---
name: aws-observability-and-cost-readiness
description: Use when wiring AWS observability and cost readiness for a workload or account after the runtime exists and operations and performance have decided the observability substrate and cost posture. Produces CloudWatch Logs/Metrics/Alarms, AWS Distro for OpenTelemetry and X-Ray tracing, SLO dashboards, Cost Explorer + AWS Budgets + Cost Anomaly Detection, FinOps tagging discipline consuming the org tag policy, and savings-plan/RI posture. Do not use for org/account/tag-policy enforcement, network/identity, workload runtime, or DR/multi-region, or Terraform module/state mechanics; use the other aws (or Family H) skills.
---

# AWS Observability and Cost Readiness

## When to use

Invoke when making an AWS workload or account observable and cost-governed for production — metrics/logs/traces, SLO dashboards and alarms, budgets, anomaly detection, FinOps tagging, and commitment posture — or auditing an inherited account that is unmonitored or financially opaque.
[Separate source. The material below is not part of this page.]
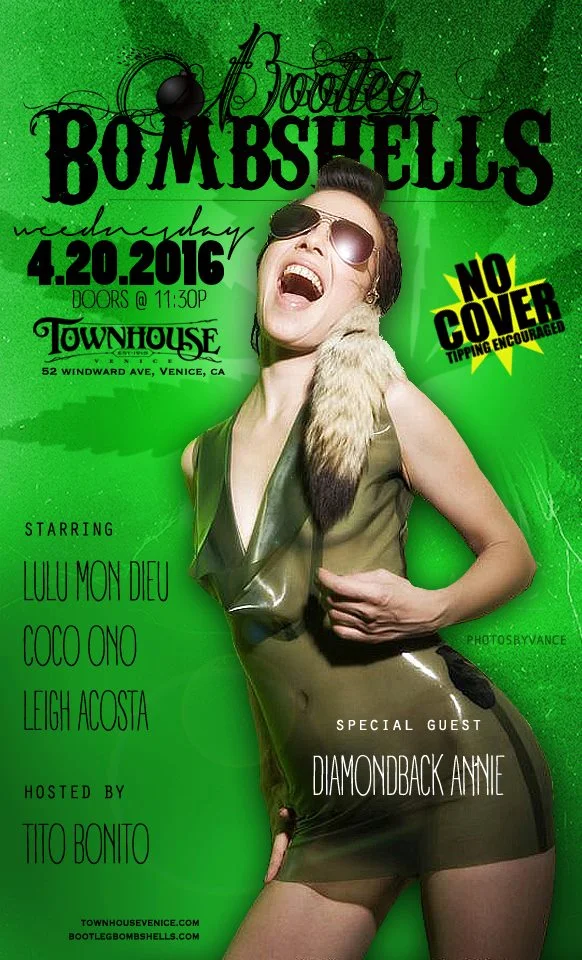 Annie appears as special guest of Venice burlesque troupe the Bootleg Bombshells at this 420 edition of their monthly show. FREE admission; 21+; show begins late, with door at 1130 pm. Hosted by the Cuban Missile Crisis, Tito Bonito, and featuring Coco Ono; pole goddess Leigh Acosta; and Lulu Mon Dieu.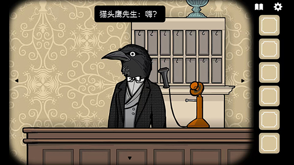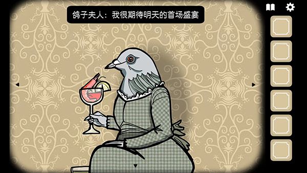 4、点击【箭头】图标来切换界面,依次把鸡尾酒发放给猪先生、鸡女士、鹿先生、兔先生以及鸽女士,不同的人会给出不一样的回复。

Do not use for: AWS Organizations/account topology or the mandatory tag-policy *enforcement* (use `aws-account-and-organization-topology`); VPC/IAM/KMS foundation (use `aws-network-and-identity-foundation`); compute selection and deployment (use `aws-workload-runtime-and-deployment`); multi-region/DR (use `aws-dr-and-multi-region-readiness`); IaC module/state/plan/apply mechanics (the `terraform` Family H skills).

## Inputs

Required:

- A deployed runtime from `aws-workload-runtime-and-deployment` (the compute/LB/data this skill instruments) within the account topology.
- Approved `architecture/operations` decisions on the observability substrate, alert destinations, and runbook hooks, or explicit confirmation they are intentionally deferred.

Optional:

- Approved `architecture/performance` cost/performance budgets and the savings-plan/RI strategy.
- The workload tier from `architecture-schema` (drives alarm strictness, retention, budget thresholds).
- SLOs and error-budget policy from `architecture/reliability` (drive alarm thresholds).
- The mandatory tag keys defined by `aws-account-and-organization-topology` (consumed, not redefined).
- Existing CloudWatch/X-Ray/Cost Explorer state to audit.

## Operating rules

- Never generate vanity telemetry or a dashboard nobody is paged on. A metric with no alarm, a log nobody queries, and a budget with no owner or action are cost, not readiness.
- Consume `architecture/operations` and `architecture/performance`; do not invent decisions. The observability substrate, alert destinations, runbook hooks, cost budgets, and commitment strategy are architectural decisions. If a needed decision is missing, pause and raise an ADR candidate rather than guessing.
- The tag policy is consumed, not authored. `aws-account-and-organization-topology` defined the mandatory tag keys and enforces them via tag policies. This skill consumes those tags for cost allocation and FinOps discipline; it does not redefine or re-enforce the tag policy. Name the boundary.
- Every workload emits the three signals. CloudWatch metrics/logs, ADOT-collected metrics where richer, and X-Ray traces with propagation. A workload missing a signal is not observability-ready.
- Alarms are SLO-tied and actionable. Each CloudWatch alarm maps to an SLO or a concrete failure mode, has a tier-derived severity, an upstream destination, and a named runbook. An alarm with no SLO and no runbook is rejected.
- Logs are structured, retained per tier, and PII/secret-safe. Structured log format, retention from the tier, and redaction in the pipeline — secrets and PII never reach the log group.
- Cost is governed, not just observed. AWS Budgets with an owner and a defined breach action, Cost Anomaly Detection wired to a destination, and Cost Explorer views by the consumed tag dimensions. A budget with no owner or no breach action is decoration.
- FinOps tagging discipline consumes the org tag keys. Cost allocation, showback/chargeback, and untagged-resource detection use `Environment`/`Workload`/`CostCenter`/`Owner` as defined upstream; this skill reports tag-coverage gaps, it does not invent new mandatory keys.
- Commitment posture is explicit and tied to the budget. Savings Plans / Reserved Instances posture follows the `architecture/performance` strategy with a stated coverage target; "buy later" without a target is rejected for steady tier-0/1 baseline load.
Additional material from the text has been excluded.